Closed toredash closed 8 months ago
I just realised that the TTL for a node to bootstrap is set to 15minutes: https://github.com/kubernetes-sigs/karpenter/blob/46d3d646ea3784a885336b9c40fd22f406601441/pkg/controllers/nodeclaim/lifecycle/liveness.go#L40
This becomes interesting if we did not use Cilium: Would EKS attempt to schedule pods to this non-functioning node ?
You're right, if the kubelet was reporting the node as healthy, even if Karpenter didn't consider it ready, the kube-scheduler would and would begin to schedule pods to it. Karpenter could do periodic health checks on nodes, though you could run into the issue of non-disruptible pods scheduling to the unhealthy nodes. If they are in-fact able to run in some cases I don't think Karpenter could safely disrupt the node. Thinking aloud, I'm wondering if it could make sense for Karpenter to apply a startup taint to nodes that it doesn't remove until Karpenter thinks the nodes are ready, with one of those conditions being that the node is in a running state.
I just realised that the TTL for a node to bootstrap is set to 15minutes
The TTL is only set to 15 minutes for nodes that never actually join the cluster; however, it sounds like you are seeing that nodes do join the cluster and just that the node never goes into a ready state due to other hardware issues.
It seems like there is a lot of overlap here with https://github.com/kubernetes-sigs/karpenter/issues/750 which we are tracking more directly. I'm going to close this issue in favor of that one.

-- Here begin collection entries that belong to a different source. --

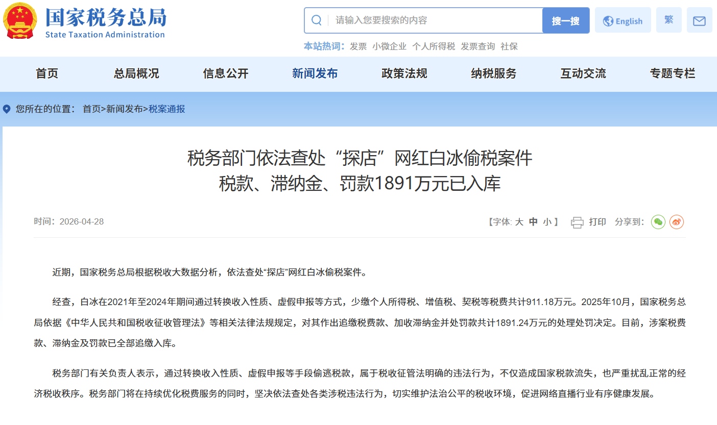 2026年4月28日,税务总局官网发布“税务部门依法查处“探店”网红白冰偷税案件税款、滞纳金、罚款1891万元已入库”:
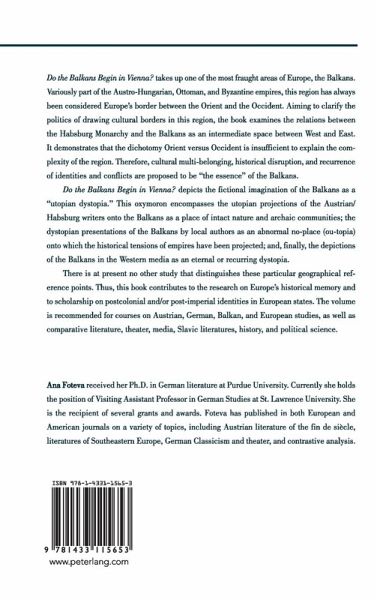 «Ana Foteva's 'Do the Balkans Begin in Vienna?' is an exemplary representation of the work necessary to understand in contemporary terms a region where nationalist-imperialist paradigms for cultural study simply do not hold. The text takes up several cultures and breathes life into their intersections, as they meet in the present, reawakening the joint legacies of three ancient empires (Habsburg, Ottoman, and Byzantine) out from behind the blackout curtain of the Soviet Union. She presents authors writing in German, Serbian, and Bosnian, each trying to understand what stories comprise the region's inheritance beyond nationalism. Foteva's deft juxtaposition of history, travelogue, and literature opens new visions of how cultures interact when they both share and are divided multiple. This volume is a must for anyone working in Austrian and Slavic literatures.» (Katherine Arens, University of Texas at Austin)
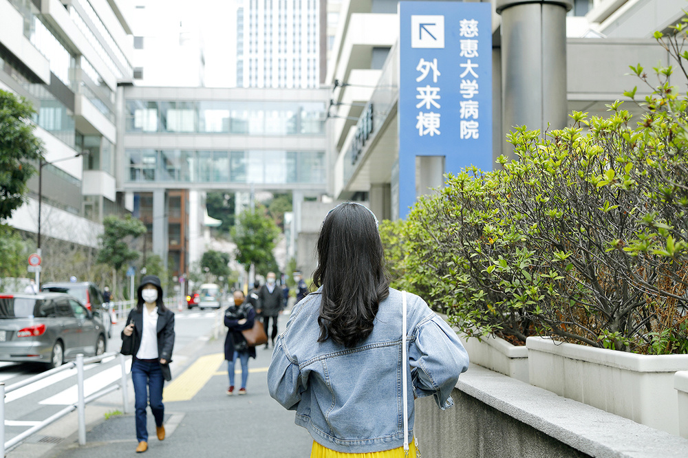 慈恵大学付属病院の間を抜けていく。

I'd encourage you to go check out that issue, +1 it, and see if there is any additional content you think would be relevant to the discussion there as we're thinking about how to solve this problem.
We're currently prioritizing that issue in the v1.x
backlog, so we see it as a high priority but don't plan on hitting it until a bit after v1. We haven't heard a lot of users hitting consistent issues with EC2 startup; I'd be curious to hear why this is happening so frequently and if this is something that we can push EC2 to solve through support since I wouldn't expect that you would be experiencing so much failure.
The TTL is only set to 15 minutes for nodes that never actually join the cluster; however, it sounds like you are seeing that nodes do join the cluster and just that the node never goes into a ready state due to other hardware issues.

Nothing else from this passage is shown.